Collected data
Segment Open
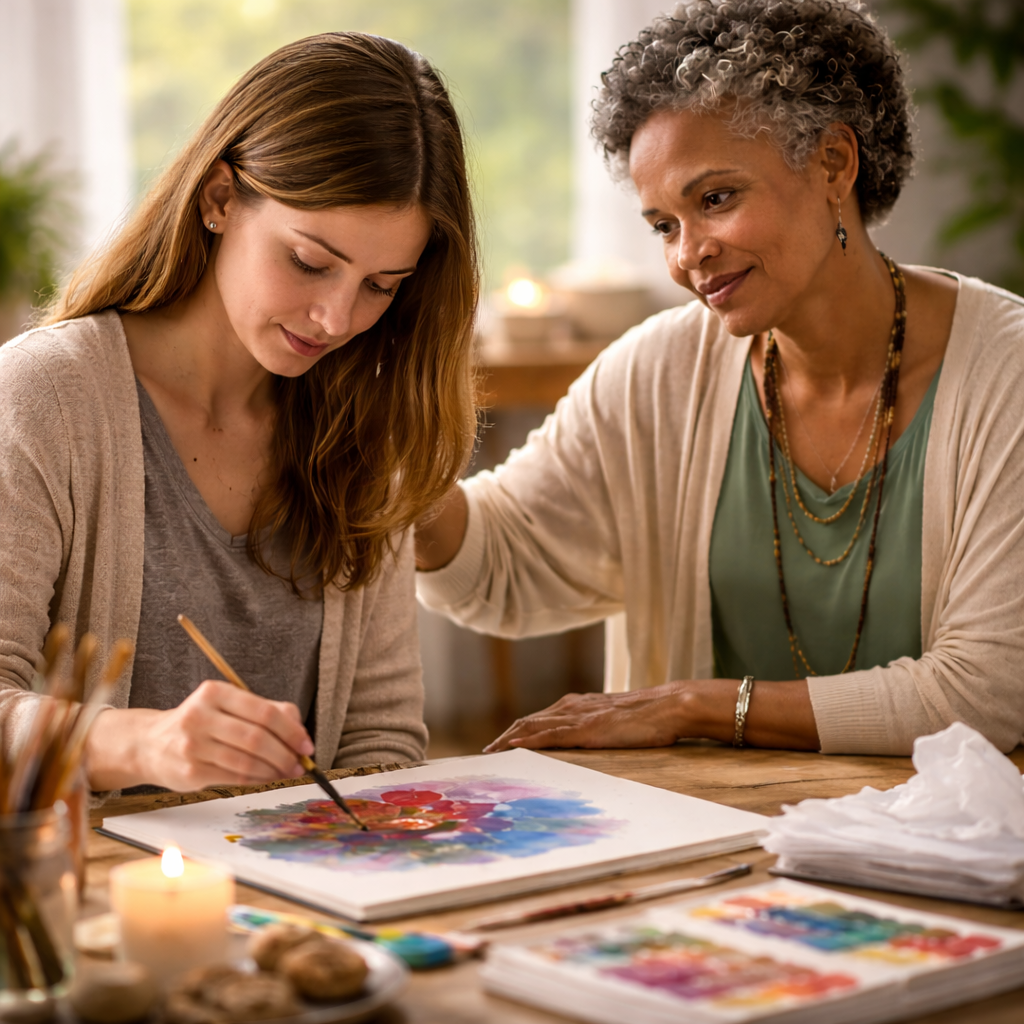 Art therapy supports individuals navigating change by helping them visually explore identity, values, and personal narratives. Creative expression brings clarity during transitions such as career changes, relationship shifts, or personal reinvention.
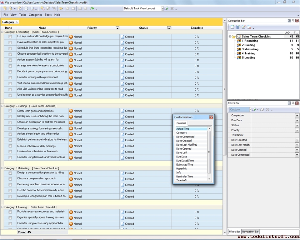 The following Sales Team Checklist describes 5 main activities you can undertake to manage your team. Recruiting, Building, Motivating, Training and Leading are those activities. The checklist will be helpful for sales dept heads, managers, team leaders and other seniors.
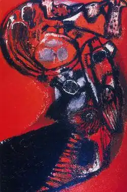 Exhibiting internationally as early as 1951, Lobdell’s work was included in exhibitions at the Petit Palais, Paris, the Third Biennial of São Paulo, the Osaka International Festival, Japan, as well as venues in London, Turin, and Eindhoven, including early solo exhibitions in Paris and Geneva. He showed regularly in solo and group exhibitions in New York, Los Angeles, and San Francisco throughout the 1950s and 1960s, including at the Walker Art Center (1960); The Whitney Museum of American Art (1962); and the Solomon R. Guggenheim Museum, New York (1964). Solo museum exhibitions include San Francisco’s M. H. de Young Memorial Museum (1960, 1992); a major retrospective exhibition, “Paintings and Graphics from 1948 to 1965,” at the Pasadena Art Museum and Stanford University Art Museum (1966); “Frank Lobdell: Works, 1947-1992,” Stanford University Art Museum (1993); California Palace of the Legion of Honor, Fine Arts Museums of San Francisco, "Frank Lobdell: The Art of Making and Meaning" (2003); Portland Art Museum, Oregon, "Frank Lobdell: Making and Meaning" (2004), and others.[3]
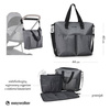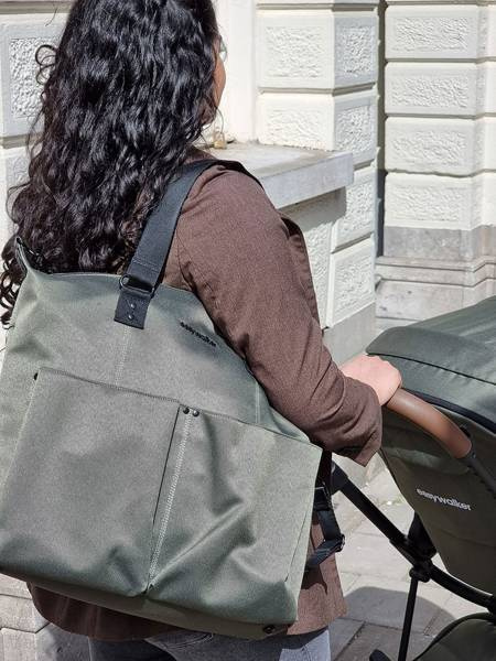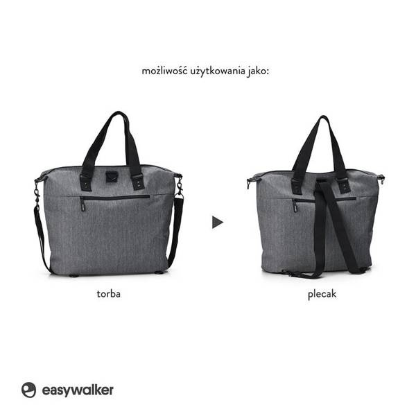 Poręczna i pojemna (max. ładowność 2,5 kg) torba do wózka holenderskiej marki Easywalker w stylu unisex. Idealna na wszystkie niezbędne rzeczy dziecka i rodzica. To klasyczny, elegancki dodatek dla mamy lub taty – dzięki uchwytom i detalom ze skóry ekologicznej prezentuje się bardzo stylowo. Można nosić ją w ręku, przewieszoną przez ramię lub jako plecak, posiada bowiem odczepiany ergonomiczny pasek, który można mocować w odpowiedniej pozycji. Pasek ten umożliwia również zawieszenie torby na ramie wózka. Komora główna jest zapinana na suwak, wewnątrz niej znajduje się kilka kieszonek, w tym dwie z gumowanymi brzegami, ułatwiającymi utrzymanie pionie butelek z mlekiem lub napojami. Z łatwością posegregujesz w niej pieluszki, chusteczki, ubranka i inne artykuły pierwszej potrzeby. W komplecie jest także poręczna, składana mata do przewijania oraz wyjmowany organizer (można go też używać osobno) – oba akcesoria w grafitowo-czarne ukośne paski z eleganckim czarnym obszyciem. Na zewnątrz w tylnej ściance torby znajduje się nieduża kieszonka na suwak, w której pomieścisz drobiazgi, np. klucze czy telefon. Dwie otwarte kieszenie z przodu będą doskonałym miejscem na pluszaka, śliniak czy inną rzecz, którą potrzebujesz mieć pod ręką. Torba wykonana jest z miękkiej, wodoodpornej, łatwej do czyszczenia i ekologicznej tkaniny. Matę oraz organizer można prać w pralce w łagodnym trybie, w 30°C. Kolorystycznie odpowiada kolekcji wózków Harvey³ Premium, jest jednak uniwersalna i pasuje do wszystkich wózków i spacerówek Easywalker oraz do większości spacerówek i wózków innych marek.
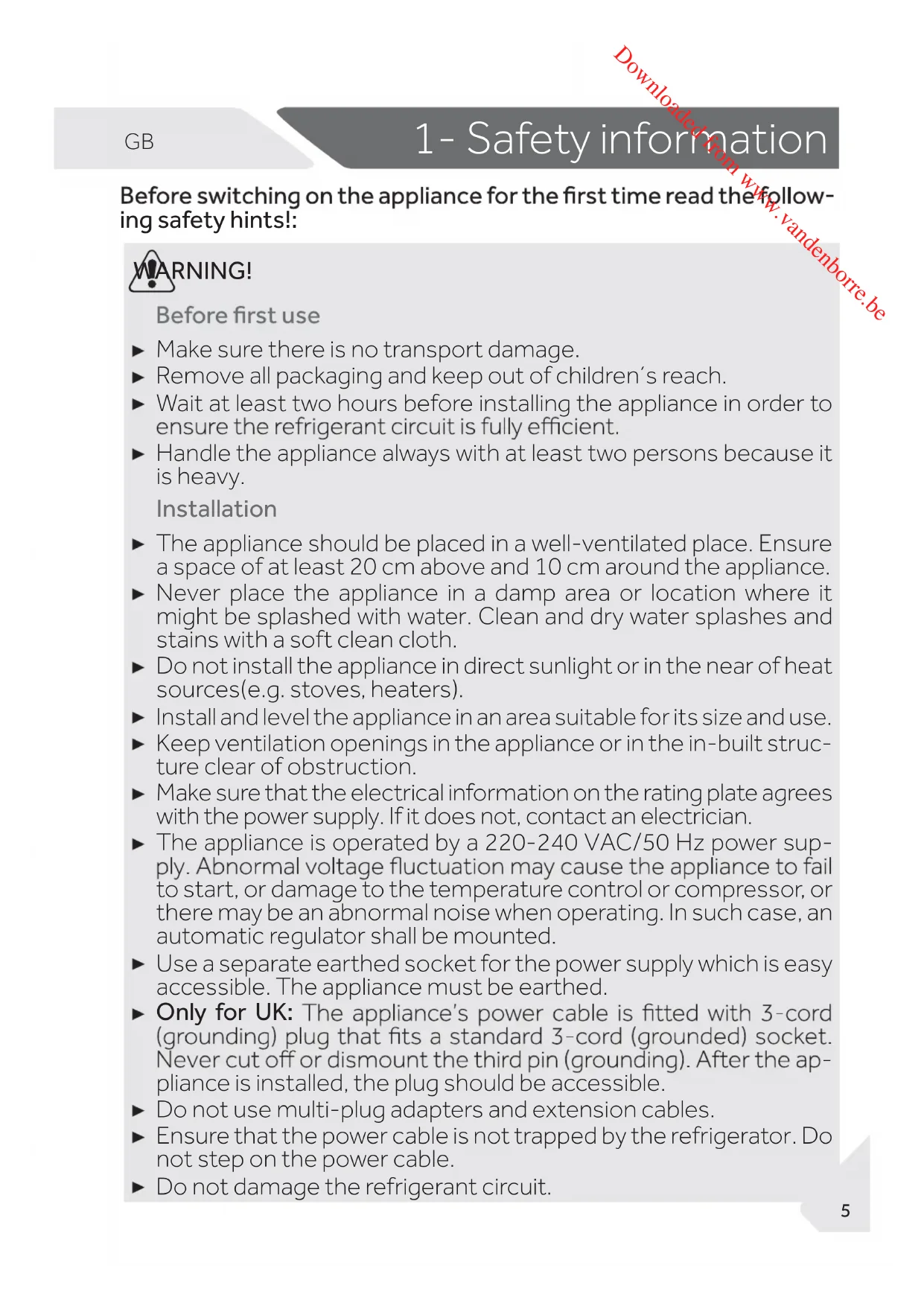 ing safety hints!: WARNING! Make sure there is no transport damage. Remove all packaging and keep out of children´s reach. Wait at least two hours before installing the appliance in order to Handle the appliance always with at least two persons because it is heavy. Installation The appliance should be placed in a well-ventilated place. Ensure a space of at least 20 cm above and 10 cm around the appliance. Never place the appliance in a damp area or location where it might be splashed with water. Clean and dry water splashes and stains with a soft clean cloth. Do not install the appliance in direct sunlight or in the near of heat sources(e.g. stoves, heaters). Install and level the appliance in an area suitable for its size and use. Keep ventilation openings in the appliance or in the in-built struc- ture clear of obstruction. Make sure that the electrical information on the rating plate agrees with the power supply. If it does not, contact an electrician. The appliance is operated by a 220-240 VAC/50 Hz power sup- to start, or damage to the temperature control or compressor, or there may be an abnormal noise when operating. In such case, an automatic regulator shall be mounted. Use a separate earthed socket for the power supply which is easy accessible. The appliance must be earthed. Only for UK:
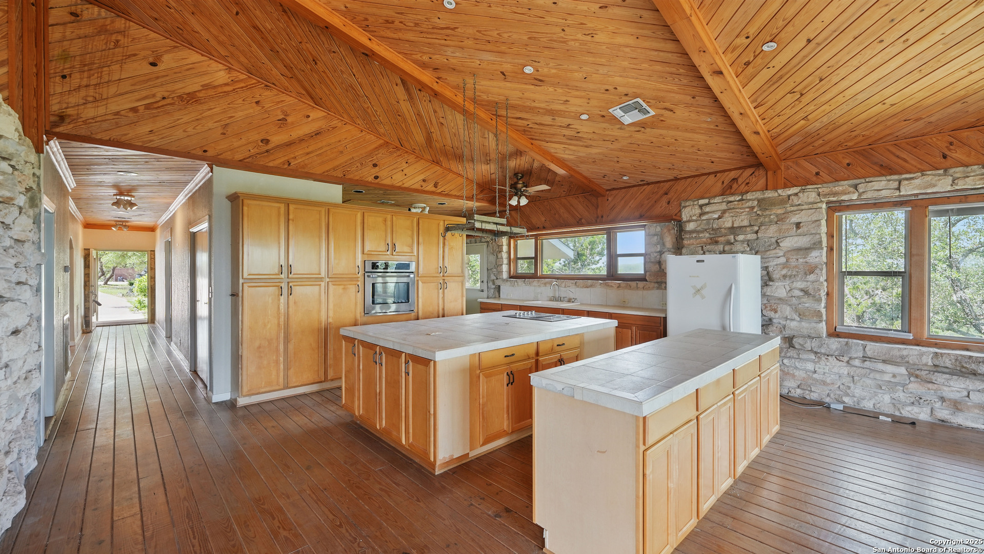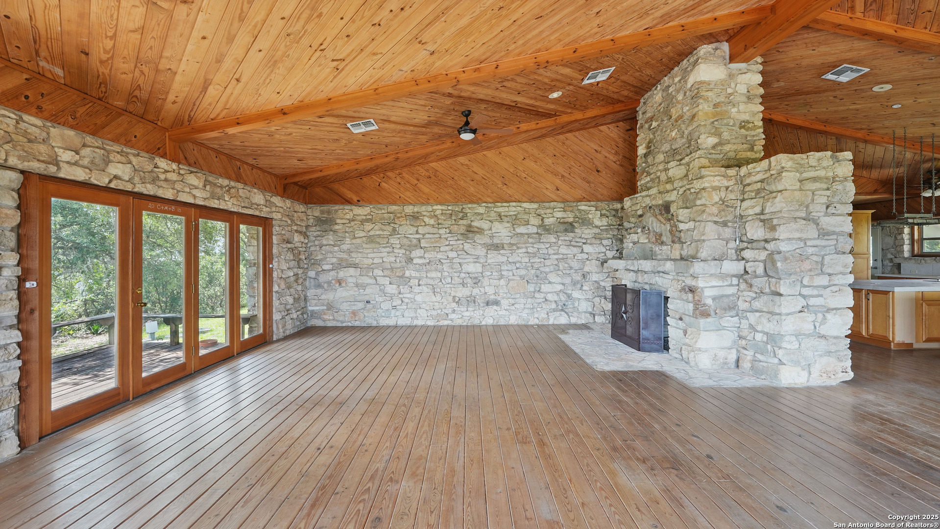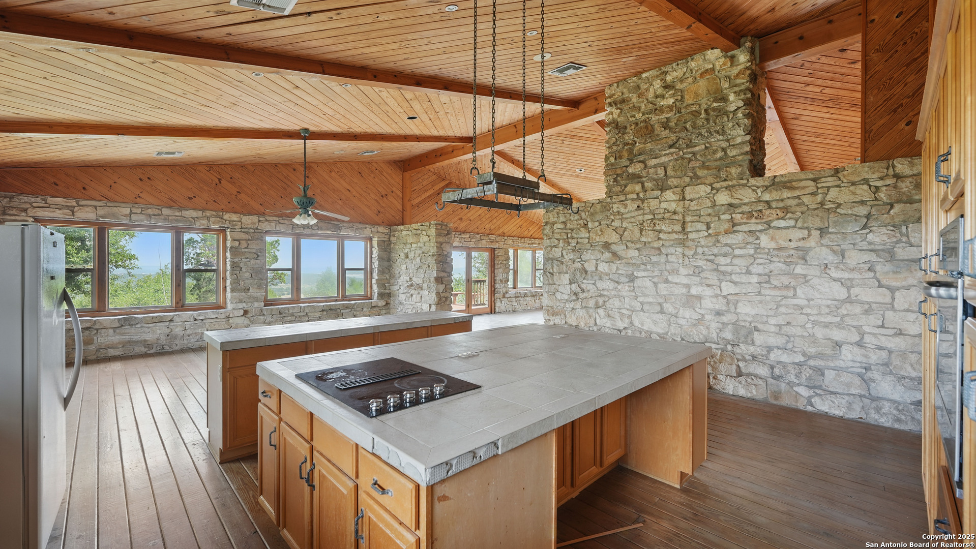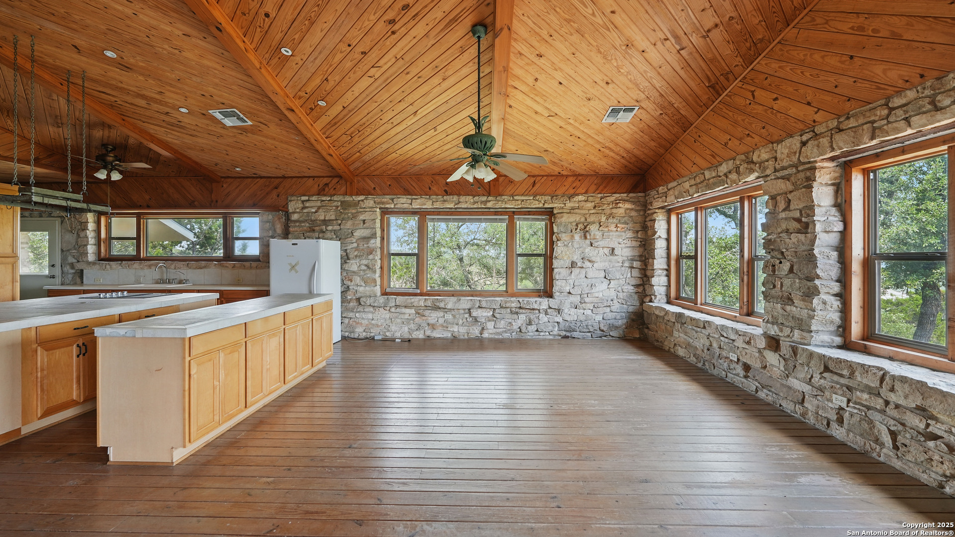 Secluded, private homes with stunning views of Canyon Lake, the hill country, and the city of Startzville. A little over an acre of the property is shared by 3 different residences that sit on a hill top with panoramic views of the southside of Canyon Lake. Located at the end of a private road, you drive in through your private gated entry. The main residence exterior/interior walls are made of solid stone/rock. The floors and ceilings are made of pine. It has 2 large bedrooms with ensuites and walk-in closets, a large kitchen and open living area with a rock fireplace. From anywhere in the house, the panoramic views are endless. With a large cover carport, and 2 separate patios off the living room, you can enjoy the peace of the hill country with views of Canyon Lake. The 2-story home accommodates guests with over 3 beds and 4 full baths and large living room with a rock fire place. The deck along the entire back side of the 2nd story looks out towards Canyon Lake and the hill country with exceptional views. On the lower level is another deck and a small room once used as a sewing room. The workshop is located on the bottom floor with the well, the water softener, solar panels and laundry hookups in a converted garage area. Plenty of storage for all your outdoor essentials. The cabin or casita is 1 bedroom, 1 bath, with a large room for gathering and another area for eating, a small countertop space with a sink and front porch that overlooks the city of Startzville. The area between the homes is concrete slab with plenty of room for lake toys, cars, and whatever you would want it for. All of this would be behind the automatic gate for security and privacy.
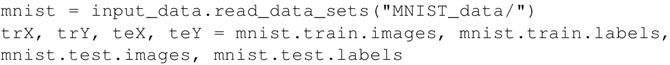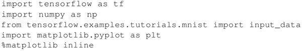 从 TensorFlow 中获取 MNIST 数据,这里要注意的一点是,标签并没有进行独热编码,因为并没有使用标签来训练网络。自动编码机是通过无监督学习进行训练的:
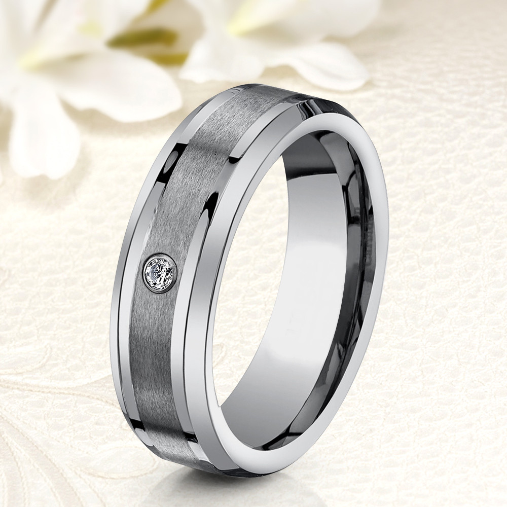Modern stílusú matt és fényes Női köves tungsten karikagyűrű WB-KT-V02360CZ
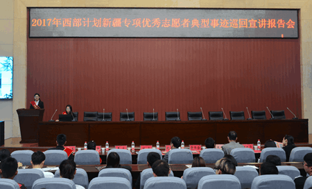 4月17日下午, 2017年西部计划新疆专项优秀志愿者典型事迹巡回宣讲报告会在新校区图书馆弘石学术报告厅举办。共青团陕西省委党组成员、陕西省少先队总辅导员、西部计划陕西省项目办主任赵大胜,校党委副书记雷西合,共青团陕西省委志工部副部长陈晓华出席活动。西部计划新疆专项优秀志愿者田宇、李蕊、席玉峰、吴旭东作了宣讲报告。Beat365学生工作部、校团委负责人与四百余名师生听取了报告。
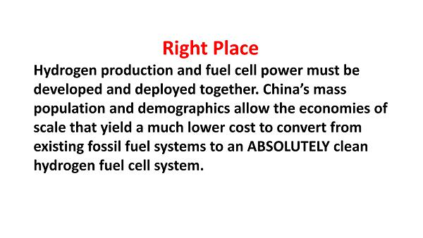 Right Place Hydrogen production and fuel cell power must be developed and deployed together. China’s mass population and demographics allow the economies of scale that yield a much lower cost to convert from existing fossil fuel systems to an ABSOLUTELY clean hydrogen fuel cell system.
Segment Closed
> **Task statement**
Instructions for the copy: start at the first entry, stop after the line containing "The following Sales", keep every line exact, and drop the pictures.

> **Response area**
 Art therapy supports individuals navigating change by helping them visually explore identity, values, and personal narratives. Creative expression brings clarity during transitions such as career changes, relationship shifts, or personal reinvention.
 The following Sales Team Checklist describes 5 main activities you can undertake to manage your team. Recruiting, Building, Motivating, Training and Leading are those activities. The checklist will be helpful for sales dept heads, managers, team leaders and other seniors.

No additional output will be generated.